[Offtopic] Some thoughts on a networking model.

Anything and everything that's related to OGRE or the wider graphics field that doesn't fit into the other forums.
Post Reply
User avatar
Antiarc
Greenskin
Posts: 120
Joined: Thu Jan 23, 2003 8:40 am
Contact:

[Offtopic] Some thoughts on a networking model.

Post by Antiarc »

'm working on a networking solution I've tenatively termed a "quadtree network". The basic idea is to produce a scalable network for a series of nodes that have geographical or pseudo-geographical locations by concentrating bandwidth available to the system according to that area's need - a self-adapting network, if you will. The root node is a trusted content distribution node, and then recursive quadrants are formed, which content then propagates down through. As state changes occur within the network, they propagate up through the network, and then spill down into other branches as resources become available. Since nodes will be changing pseudogeographical location frequently (and thus, will be changing their location in the quadtree frequently), it is important that state changes be propagated up through the tree quickly, so that they can learn about those changes as they come into proximity with the effects of those changes.

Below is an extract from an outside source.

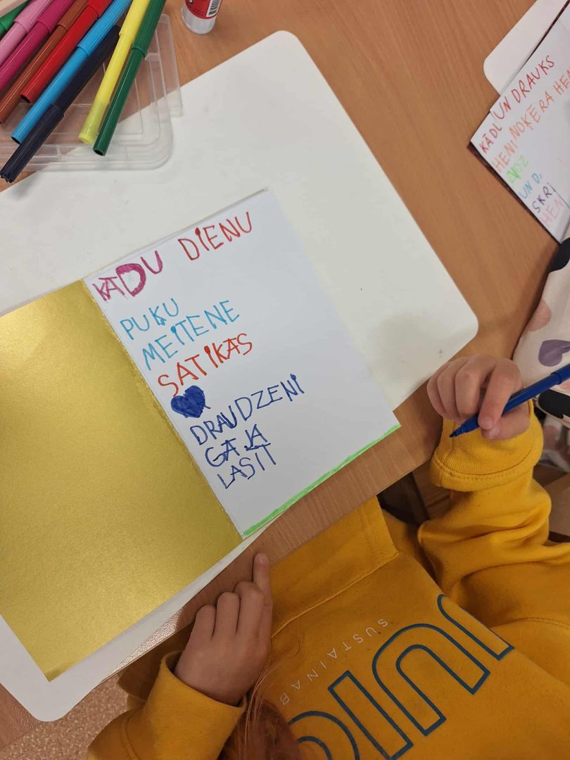 Kopīgi lasījām I. Zanderes grāmatu "Vai grāmatai ir knābis", pārspriedām informāciju par grāmatas uzbūvi, tās tapšanu. Bērni arī veidoja savas grāmatas, lai piedalītos akcijā "Mana grāmata"  un būtu Jauno grāmatnieku izstādes dalībnieki.

I'm designing for a network size potentially in the tens of thousands of nodes. The entire point of this structure is to alleviate as much load as possible from the root node and to offload as much of it as possible onto other nodes in the network.

My inspiration is two-fold: first, quadtrees for terrain tesselation and rendering as a model for node distribution (that is, more heavily populated areas of the network are tesselated further and further, forming small sub-pools of nodes), and second, the BitTorrent/swarming P2P model of exploiting unused resources within the network to decrease the load on individual points in the network at the cost of total increased bandwidth usage. I plan to use the swarming aspect of the network for authentication of state - that is, if more nodes than not agree on a state change, it becomes authoritative. Rather than taking the "trusted/not trusted" model, I'm wanting to see if a "trusted by consensus" model can work. This increases the total resource usage per state change, but drastically decreases the resources needed per node to tiny, self-contained network levels. If my design is right, then I will essentially be forming a hierarchy of four-to-twelve (for redundancy/fallover) node networks, which can then hopefully operate as self-contained entities, which should hopefully operate with very low latencies.

I've put together a partial visualization of a small network employing this model:

Image

Each node serves a maximum of eight child nodes. After those eight nodes, then the children are passed subsequent connection requests, depending on the quadrant of the parent's authority radius that they serve.

Low-bandwidth nodes will move down towards the tree towards leaf positions. This means that they have a higher latency to the root (# of hops increases), but they have a low personal resource responsibility, as they aren't serving anyone. Higher bandwidth nodes will move up the tree towards the root, as they can handle larger child trees.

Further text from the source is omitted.